- Born: Rahmon Adegoke Adedoyin January 1, 1957 (age 69) Ile-Ife, Osun State, Nigeria
- Education: University of Ife All Saints University School of Medicine
- Occupations: Educationist; businessman;
- Years active: 1990–2023
- Notable work: Oduduwa University Oduduwa Polytechnic The Polytechnic, Ile-Ife

= Rahmon Adedoyin =

Nigerian educationist and businessman

Rahmon Adegoke Adedoyin (born January 1, 1957) is a Nigerian educationist and businessman who was sentenced to death by hanging on May 30, 2023. He is the founder and proprietor of Oduduwa University and The Polytechnic, Ile-Ife. In an interview with Vanguard, Rahmon claimed that the late Oba Okunade Sijuwade had nominated him as the Ooni of Ife before his death because of "his developmental strides, particularly in the cradle of Yoruba land".

==Early life, education and career==
Rahmon Adegoke was born into the royal family of the Akui ruling house in the ancient city of Ife in Osun State, where he went on to complete his primary and secondary school education.
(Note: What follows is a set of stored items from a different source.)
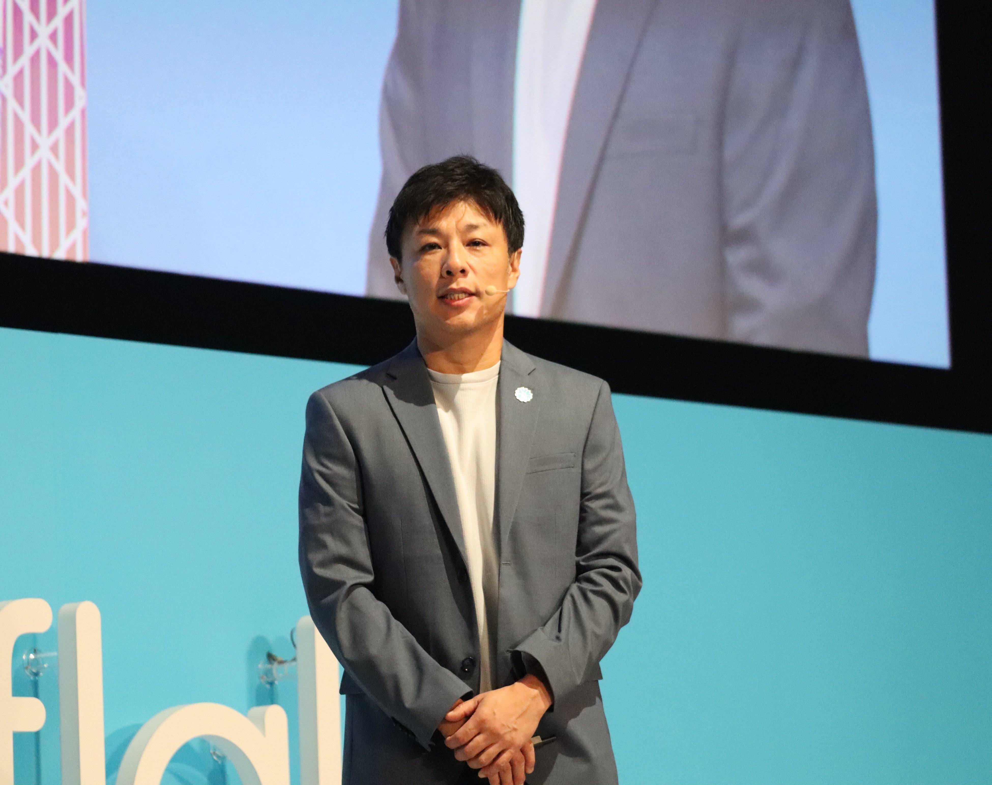 基調講演は会場約1000席に加え、オンライン配信とサテライト会場からの中継を実施。冒頭、社長執行役員の東條 英俊は満席の御礼とともに「今年特に私たちが力を入れているのが、24社に及ぶ国内のお客様事例発表。また、パートナー企業様の展示やセッションも大切なポイント」と話し、見どころを紹介しました。
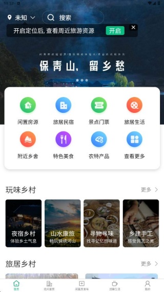 1、安装进入app,首页展示了旅居民宿、景点门票、特色美食、农特产品等板块;
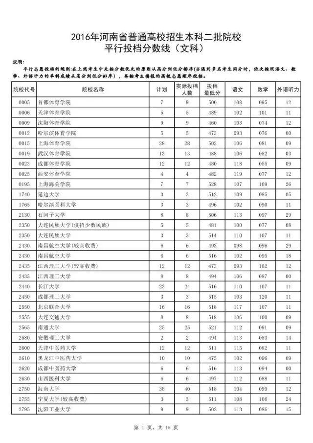 2016年河南省本二批投档线新鲜出炉,文理科投档分数线一览表,全国每个大学在河南招录的最低分数线是多少呢?
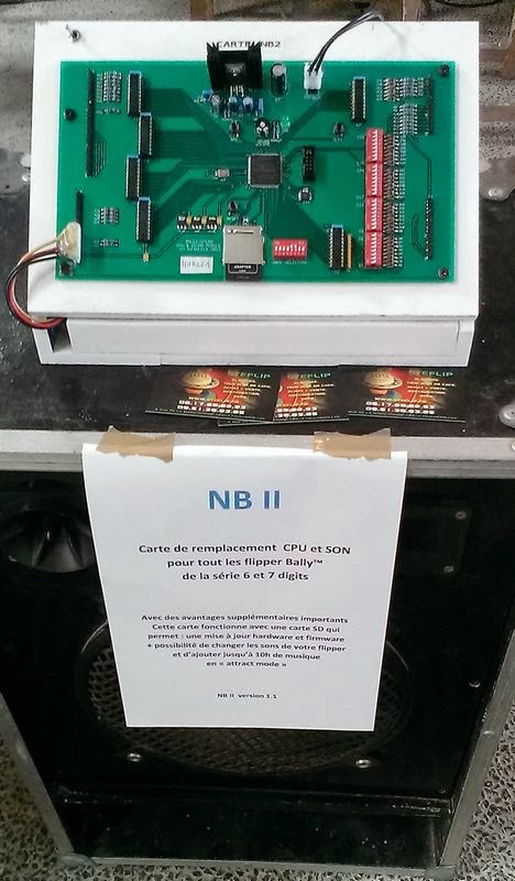 Petit moment ensuite pour saluer les habitués de la plupart des salons, à l'instar de Fred, Didier, Fabrice. C'est à ce moment que le "Doc" m'a confié que son fils avait terminé son projet d'une carte de remplacement de la CPU Bally (première génération). Surpris et intéressé, je le presse de me donner des renseignements sur la disponibilité. Il me renvoie vers Stéphane (alias Spinck de Steflip) pour les détails. Cela fait des années que Didier me parle de ce projet formidable: réaliser une carte de remplacement pour les Bally. Il me semble qu'à l'origine, il s'agissait de réaliser une carte "toute en un" à l'instar de la "PI-1-X4" pour les System 1. La version réalisée est finalement une carte de remplacement de la carte son et de la CPU. La version présentée sur le stand de Stéphane est une version finalisée, mais non définitive. Il reste des petits détails comme par exemple la présence d'un potentiomètre avec un bouton rotatif (et non une simple vis), une LED pour le 5V, un fusible réarmable, et potentiellement d'autres détails pour rendre plus opérationnelle encore cette carte, le but étant de la rendre résistante vis à vis des erreurs que nos machines anciennes pourrait lui faire subir.

He proceeded to the University of Ife (now Obafemi Awolowo University) where he obtained a Bachelor of Science degree in 1983 after studying Mathematics Education. He also attended Centurion International University, California where he obtained his master's degree and went on to bag a doctorate degree in 1996 from All Saints University School of Medicine, New York City.

In a bid to revamp education in Nigeria, Rahmon founded The Polytechnic, Ile-Ife in 1984 and Oduduwa University in 2009. He is a fellow of the Nigerian Institute of Industrial Statisticians.

== Death sentence ==
Adedoyin was arrested in November 2021 following the death of Adegoke Timothy at his Hilton Hotel which he is the founder. He was denied bail but granted access to medical facilities of his choice pending court hearing. On 30 May 2023, Court found Rahmon guilty of murder and sentenced him to death by hanging.

In January 2025, the Court of Appeal in Akure upheld the death sentence, ruling that the conviction was valid and in accordance with the law. However, it overturned the lower court's order requiring Adedoyin’s estate to sponsor the victim’s children’s education and reversed the forfeiture of his hotel and vehicle, stating that such orders exceeded statutory provisions.